Happy New Year, everyone! 2010 was certainly action-packed, and 2011 promises the same.
I hear a lot of thunder about getting ready for ACOs.
This isn’t a crystal ball forecast, but I see hospitals spending tons of capex on new HIT from old-fashioned “software-based” companies, and it seems like the EMR is the new “pavilion.” I see hospitals buying medical practices using arrangements that are certain to require the hospital to subsidize doctor income. [For another take: Paul Levy on ACO.]
These two major waves are explained by clients and prospects alike as “readiness for ACO.”
I have three thoughts:
- Don’t worry. We at athenahealth will do our part. If and when ACO payment models emerge, you won’t need to buy a new “module” from us in order to get payment. We will go get you that money the same way we are getting you the “Meaningful Use” stimulus payments, the P4P money, and the plain old health care reimbursements that we have always delivered. The changes to our technology and service needed to accomplish all that will be on us.
- Don’t turn blue holding your breath waiting for the big bonus opportunity. The fundamental underlying principle of an ACO is that you will get a bonus in exchange for lower utilization. If that bonus is bigger than what you’d get from the utilization, then why would Medicare pay it? If that bonus is LESS than what you are getting now, why would you do it?
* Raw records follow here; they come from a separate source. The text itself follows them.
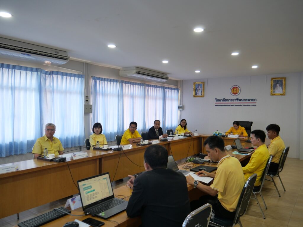นางศรัญญา สุขปลั่ง ผู้อำนวยการวิทยาลัยการอาชีพนครนายก พร้อมด้วย นางสาวปานรดา มุ่งยุทธกลาง รองผู้อำนวยการฝ่ายบริหารทรัพยากร ผู้ทรงคุณวุฒิ และคณะกรรมการ ในการประเมินการเตรียมความพร้อมและพัฒนาอย่างเข้ม ตำแหน่งครูผู้ช่วย ครั้งที่ 4 จำนวน 4 ท่าน นายพิทักษ์ สุขสว่างจิต ครูแผนกวิชาช่างกลโรงงาน นายพลวัฒน์ วงษ์ถวิล ครูแผนกวิชาช่างยนต์ นายไชยวัฒน์ อุ่นชื่น ครูแผนกวิชาช่างเชื่อมโลหะ และนายธันยวัฒน์ เชิญแก้ว ครูแผนกวิชาสามัญสัมพันธ์ กลุ่มวิชาภาษาไทย ณ ห้องประชุมจันทร์กระจ่างฟ้า อาคารตึกอำนวยการ ชั้น 2 วิทยาลัยการอาชีพนครนายก
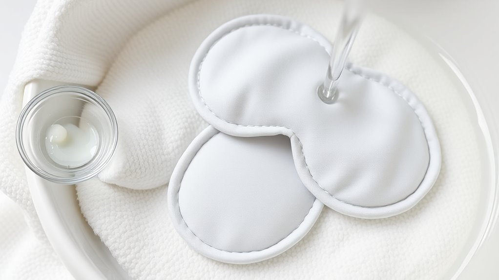 You should use gentle cleaning agents that are compatible with sensitive skin when cleaning your reusable eye patches. Avoid harsh chemicals, alcohol-based products, or strong fragrances, as they can irritate your skin. Instead, opt for mild, fragrance-free soap or a specialized skincare-compatible cleaner. Gently hand wash the patches, rinse thoroughly, and air dry to maintain their integrity and guarantee they remain safe for sensitive skin.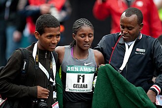 Erba Tiki Gelana (born October 22, 1987, in Bekoji) is an Ethiopian long-distance runner specializing in marathon races.She rose to prominence in the early 2010s, winning the Amsterdam Marathon in 2011 and the Rotterdam Marathon in 2012. In 2012, she reached the peak of her career by winning the Olympic gold medal in London with a new Olympic record.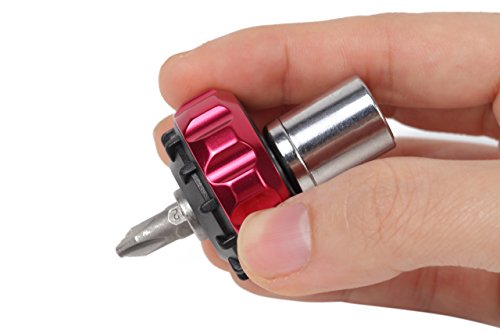 - アルミ削出しで高級感のあるラチェットスタビドライバー。全長42㎜(付属ビット装着時)で狭いところでもネジ回しが可能。(ビット無し全長 27㎜) 全長42㎜(付属ビット装着時)で狭いところでもネジ回しが可能。(ビット無し全長 27㎜)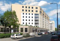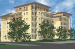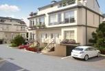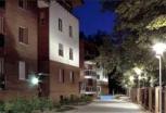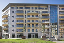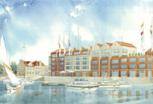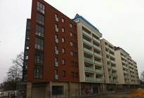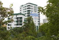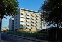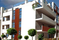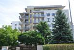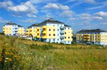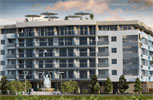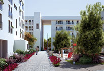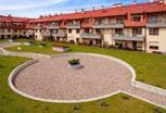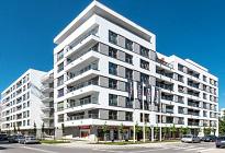 Elegancka elewacja budynków w odcieniach bieli i balkony z elementami szkła tworzą klimat tego miejsca.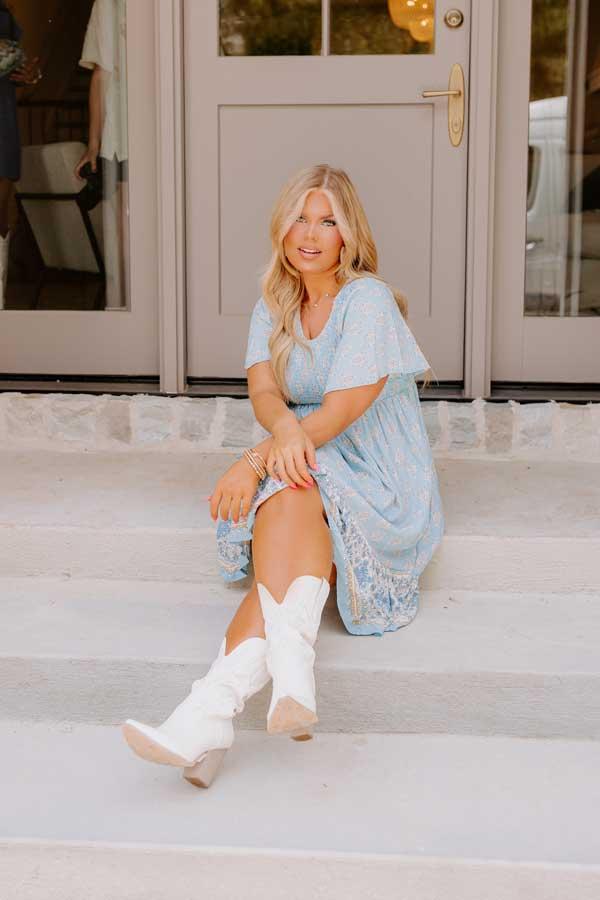 – Welcome warm weather effortlessly with our gorgeous dress – Lightweight, unlined rayon patterned in a dainty floral and paisley print – V-cut neckline – Short flutter sleeves – Fitted smocked bodice – Two hidden side pockets – Breezy skirt silhouette that falls into a straight ruffled hemline

- I have met newly elected Republican lawmakers of late and few of them are thinking that money will be saved with this approach. As with other aspects of health reform law, they appear to be eager to… well, let’s just say…scrutinize the mechanics closely.
None of this is certain and there will be exceptions to all the rules anyone tries to write.
This leaves one thing certain.
Do NOT make multi-year investments that depend upon ACO actually happening.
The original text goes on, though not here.